Like many from that generation, he left school early to help support his family, working in various jobs before landing a job on Melbourne’s waterfront. Here he worked alongside many of my family members, but in particular my great-great-grandfather Hughie Sykes, my great-grandfather George and my grandfather George, who was a big part of raising me and a big part of my life. He was friends with all of them throughout the 1950s, 60s, 70s, 80s and beyond. This was a time before containerisation on the Melbourne ports, where men actually rolled up their sleeves and did a lot of physical work. I remember—and I still do have a great photo of my great-great-grandfather Hughie Sykes on the wall of my office downstairs—him with muscles at the age of 86, still working on the waterfront, with muscles that were just huge from shovelling gypsum into the hulls of vessels.
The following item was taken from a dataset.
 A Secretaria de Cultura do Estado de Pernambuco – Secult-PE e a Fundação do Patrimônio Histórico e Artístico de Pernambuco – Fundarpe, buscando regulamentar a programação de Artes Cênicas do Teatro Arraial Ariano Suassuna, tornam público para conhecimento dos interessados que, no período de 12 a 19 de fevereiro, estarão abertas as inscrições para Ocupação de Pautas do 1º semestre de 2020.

That is a time that I think many of us do not necessarily remember or value. It certainly was a foundation for Bunna’s passion for workers rights. Certainly I remember as a kid the fight for superannuation on the waterfront that both my great-grandfather and grandfather went on strike for. I remember those days really well because every Sunday at my grandparents’ house was roast day—we would all go there for a roast, the entire extended family. But when there was a strike there was no roast; it was always just soup during those times. I know that Bunna played a really important role during that time in leading those workers through that battle to obtain superannuation—not just for the waterside federation; that then laid the foundations for all workers across Victoria and across the country. So Bunna’s legacy needs to be celebrated today. I know he worked absolutely tirelessly to make sure workers of Port Melbourne were able to get out of poverty and have a future with their retirement. He also championed change and reform for working-class families across Port Melbourne and across the state.
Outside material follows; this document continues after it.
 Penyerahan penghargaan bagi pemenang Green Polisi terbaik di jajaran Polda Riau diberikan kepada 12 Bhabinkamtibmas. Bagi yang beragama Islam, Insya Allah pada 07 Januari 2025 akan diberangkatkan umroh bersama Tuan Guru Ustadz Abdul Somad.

My great-grandmother Elsie Sykes is 102 and still with us. I spoke to her on the phone, and she said that she remembers many Sunday mornings. At the Sunday morning club my great-grandfather would have a drink with Bunna, and the women set up their own club down the road where they would have a little drinking session of their own after mass. I am pretty sure Lyn was a member of that little club as well. She spoke so lovingly of Bunna and Lyn and what it meant to be their friend but also how they were always available to the community—able to visit our sick old wharfies, to look out for their families. That is something that is stuck in her memory of them, as it is, I am sure, for many, many families across Port Melbourne, South Melbourne and beyond in Victoria.
Bunna was a hardworking person who lived by his Labor values, stood up for trade unions in the workplace and in Parliament and dedicated his life to improving the lives of working people. He was an absolute legend in the trade union movement, and 26 years ago when I ran for the position of assistant secretary at Trades Hall as the first woman for that position—and I was challenged because I was a woman; my opposition made a big issue of that—Bunna actually made sure that the Maritime Union of Australia voted for me in that ballot. Even though I was not necessarily aligned with the MUA at the time politically, he came down to Trades Hall and made sure that it happened, and I will be forever grateful for that.
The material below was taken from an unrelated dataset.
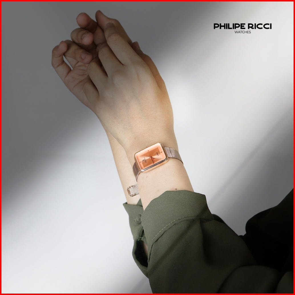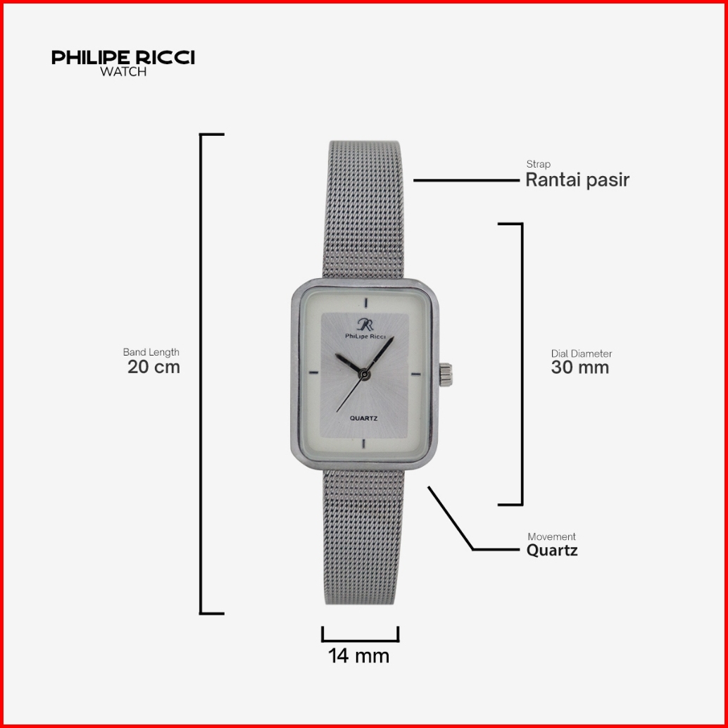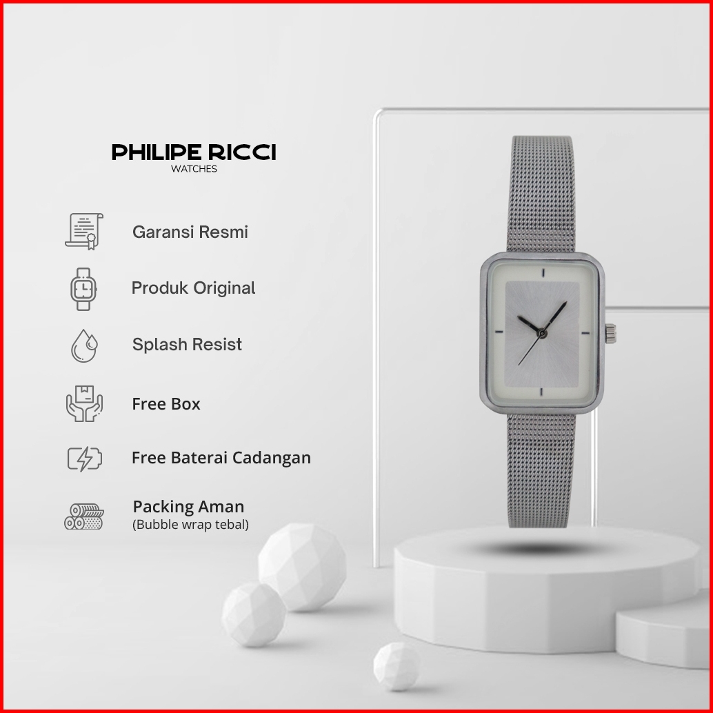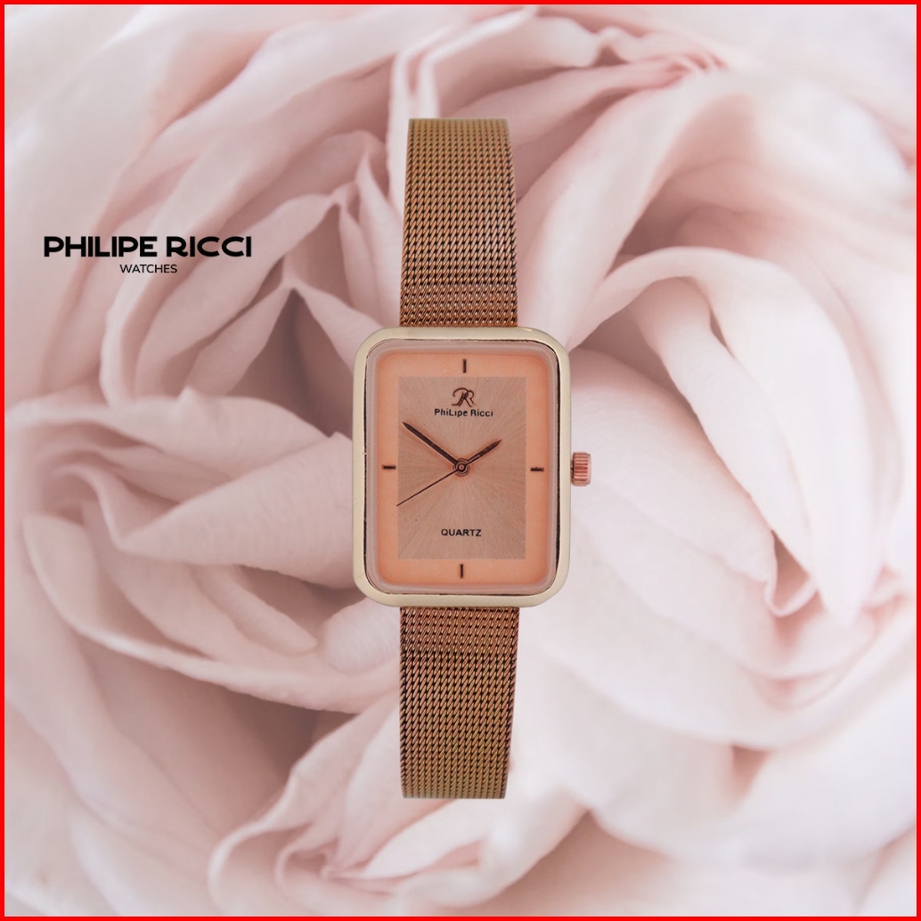 Philipe Ricci Jam Tangan Wanita Kecil Analog Strap Tali Rantai Pasir Diameter Kotak Desain Mewah Model Elegan Mini Terba

Through his work as a parliamentarian Bunna upheld really strong community values. I will not go through the list of his portfolios because others have, but his work particularly in housing is really valued, and in public works. He stayed true to strive for better benefits for the most vulnerable in our community, and he did not stop working for the community after he left this place, as we have heard. Bunna was a person who believed that everyone belonged to our community. He fought for an inclusive society, and he never forgot anyone.
On the topic of inclusive society, can I reflect on his life from the perspective of being the Minister for Youth Justice. In addition to his role as a unionist and obviously later as a minister of the Crown, as previous speakers have reflected, his election to the upper house was declared void because of a minor prosecution that he faced—his sentence at the time was actually suspended, and he undertook a good behaviour bond—at 15 years old. Yet it was deemed to be a violation of the constitution and he was unable to take his seat. Had this occurred after 1975, when the act was changed, he would have been able to take a seat at the time. But of course nothing held him back and he got here anyway.
The change to decide that young people should be able to learn from their mistakes and move on with life is something that I think is still relevant today and something that we are working hard for here in the Andrews Labor government. This is an issue that is fundamental to the success of the operation of our youth justice system, to young people who face consequences for their actions but need to be tempered by the ability to learn from them and get on with their lives.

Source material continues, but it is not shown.